La ragazza trasalì e prese a fissare il vuoto, inconsapevole dello sguardo attento del compagno pronto a fiutare ogni minimo segnale della riuscita del suo piano.

Dopo un po', Miranda scosse la testa e guardò Larev negli occhi, più determinata che mai. -Secondo me ti sbagli- disse, scattando in piedi.
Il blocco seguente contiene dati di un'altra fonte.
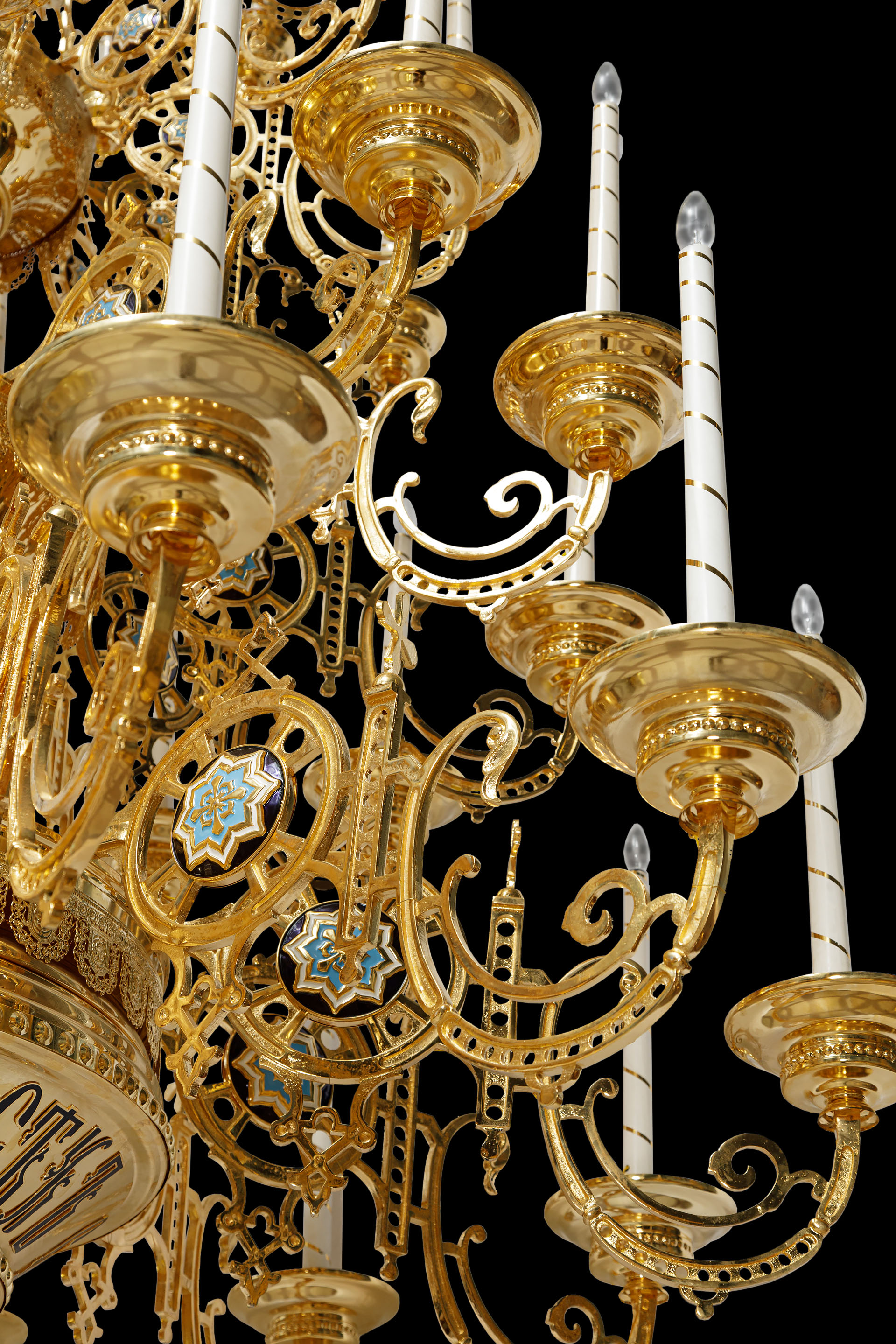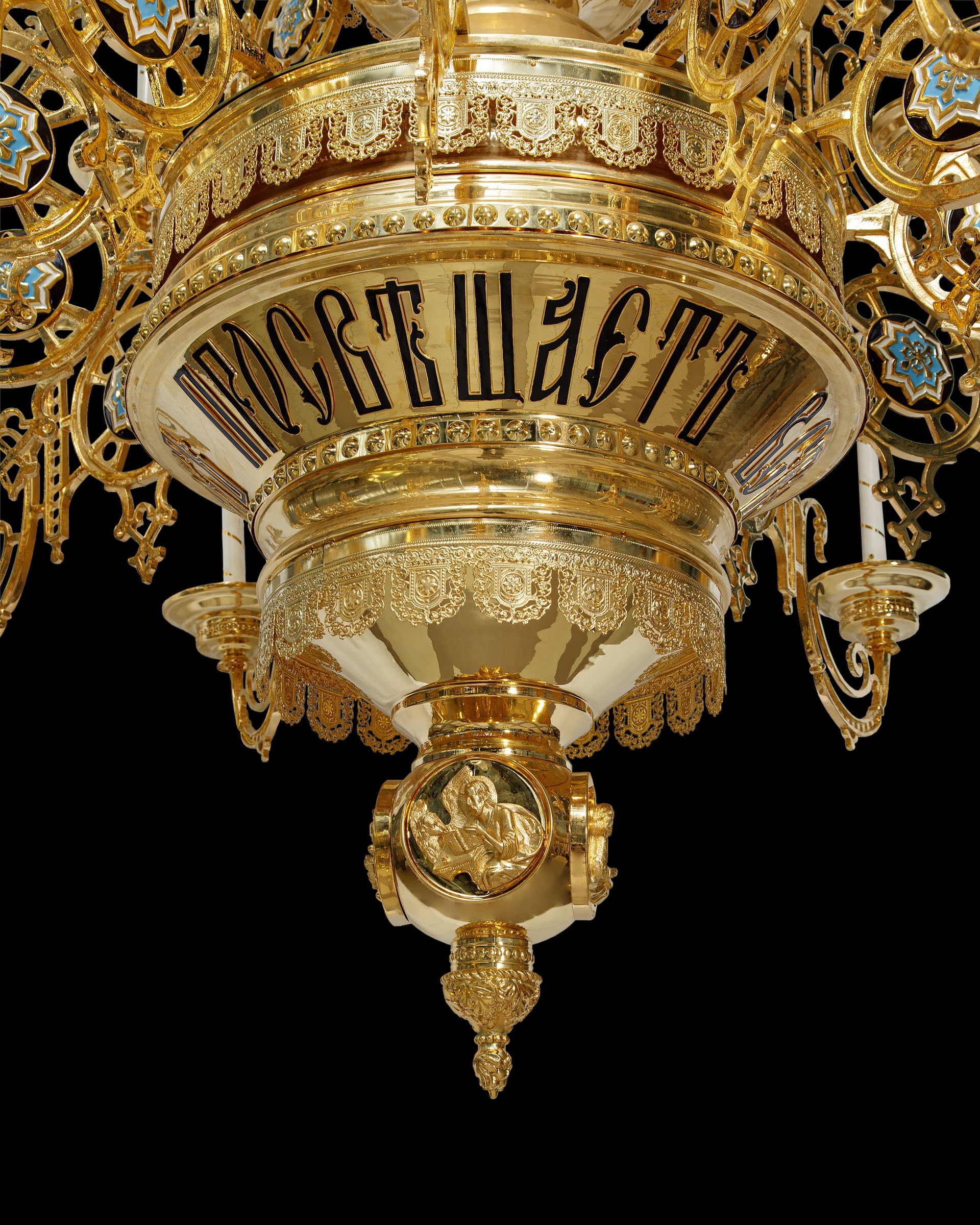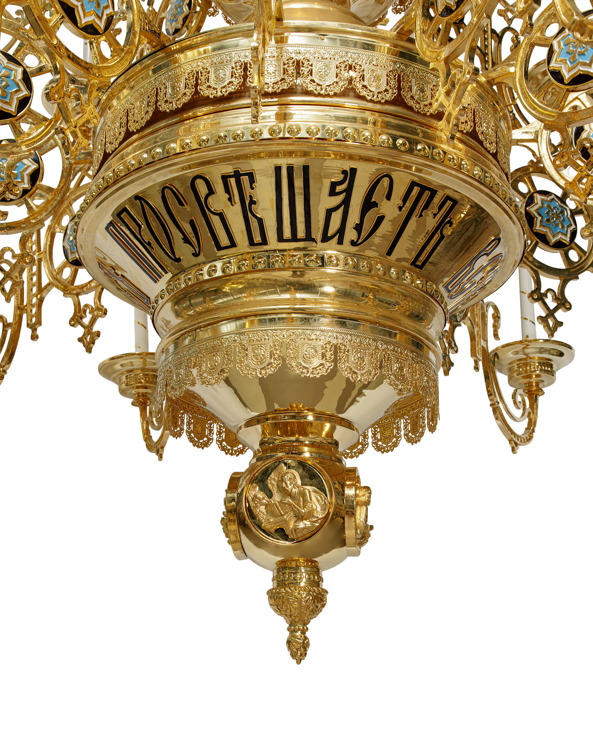 Стоимость паникадила с позолоченными свечами рассчитывается при заказе.

-Dimostramelo- replicò lui, cercando di non far trasparire la sua impazienza. -Vai a cercarlo e dimostrami che mi sbaglio- ripeté, un po' irritato. La giovane si passò nuovamente una mano tra i capelli e, in silenzio, afferrò il suo set di coltelli. -Tornerò presto, e vedrai che con me ci sarà anche Gaison- disse a mo' di giustificazione, procedendo per la strada presa dal compagno di distretto.

Non appena gli diede le spalle Larev ghignò e realizzò che, una volta tolti di mezzo gli ultimi favoriti, la sua vittoria non era poi così lontana.
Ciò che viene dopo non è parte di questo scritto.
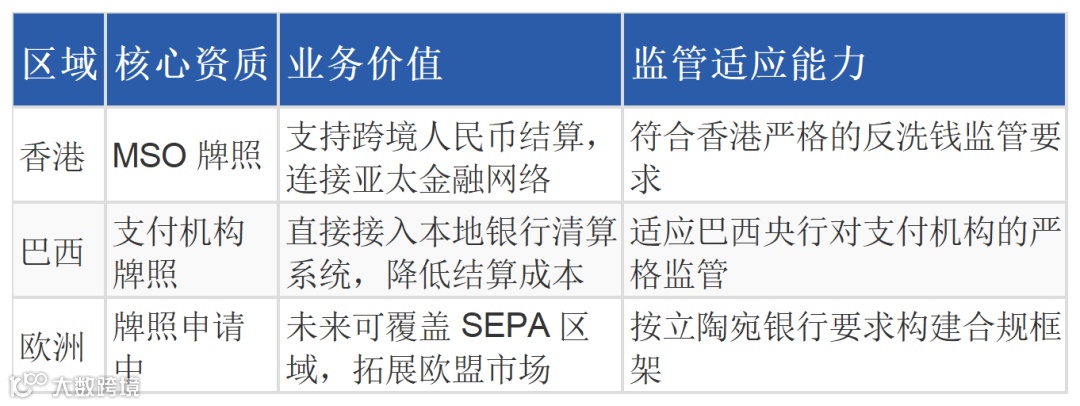 - 持有香港MSO、巴西支付机构等牌照,合规网络覆盖亚太与拉美核心区域[k]
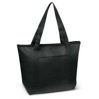 Affordable large 15L cooler bag which is manufactured from 80gsm non-woven material with an internal lining of aluminium foil laminated PE foam insulation. It has a zippered closure, a slip pocket on the front and longer handles so it can be carried on a shoulder.
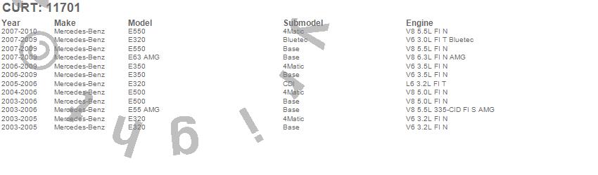 Below is an abbreviated list of applications for the Class I 1.25 in. Receiver Hitch.E320, E350, E500, E55 AMG, E550, E63 AMG, Mercedes-Benz, 2010, 2009, 2008, 2007, 2006, 2005, 2004, 2003
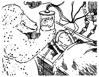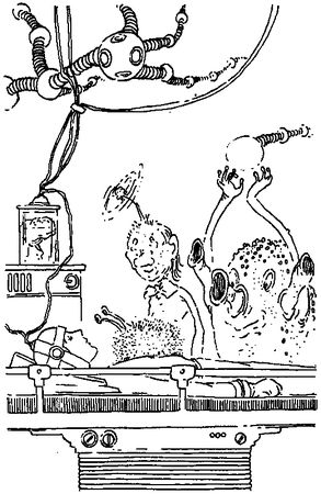 - Твой мозг по-прежнему соединен с телом,- сказал Крок-Док. Он снова поднял банку и указал на ее днище.- Видишь эти провода? Они ведут к твоему черепу и обеспечивают контакт с нервными окончаниями. Я буду отсоединять их каждый раз, когда мы соберемся провести эксперимент, который может причинить тебе неудобства. Но в промежутках ты сможешь присоединяться к нам.

Gaison vagava da una decina di minuti, quando si accorse di essere giunto nel punto esatto dove il giorno prima aveva incontrato la giovane Eleuthera. Esitò per qualche secondo dopodiché, ricordandosi che le aveva promesso che sarebbe tornato a portarle del cibo, iniziò a chiamare il suo nome a bassa voce sperando di essere sentito.

Fortunatamente Eleuthera sbucò dalla porta di un bagno poco dopo, piuttosto stupita del fatto che il ragazzo avesse mantenuto la promessa.
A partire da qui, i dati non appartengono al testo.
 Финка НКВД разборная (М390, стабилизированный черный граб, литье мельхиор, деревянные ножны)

-Sei tornato- disse con un tono di voce diffidente. Le riusciva ancora difficile individuare il motivo della spontanea simpatia di Gaison nei suoi confronti, ma aveva deciso di non contraddirlo e non fare domande finché la avesse aiutata.

Il ragazzo sorrise e annuì, sfilandosi lo zaino dalle spalle e appoggiando a terra una delle due lance per avere una maggiore capacità di movimento. -Ho portato il cibo- disse, mostrandole una specie di scoiattolo dalle dimensioni esagerate ancora crudo.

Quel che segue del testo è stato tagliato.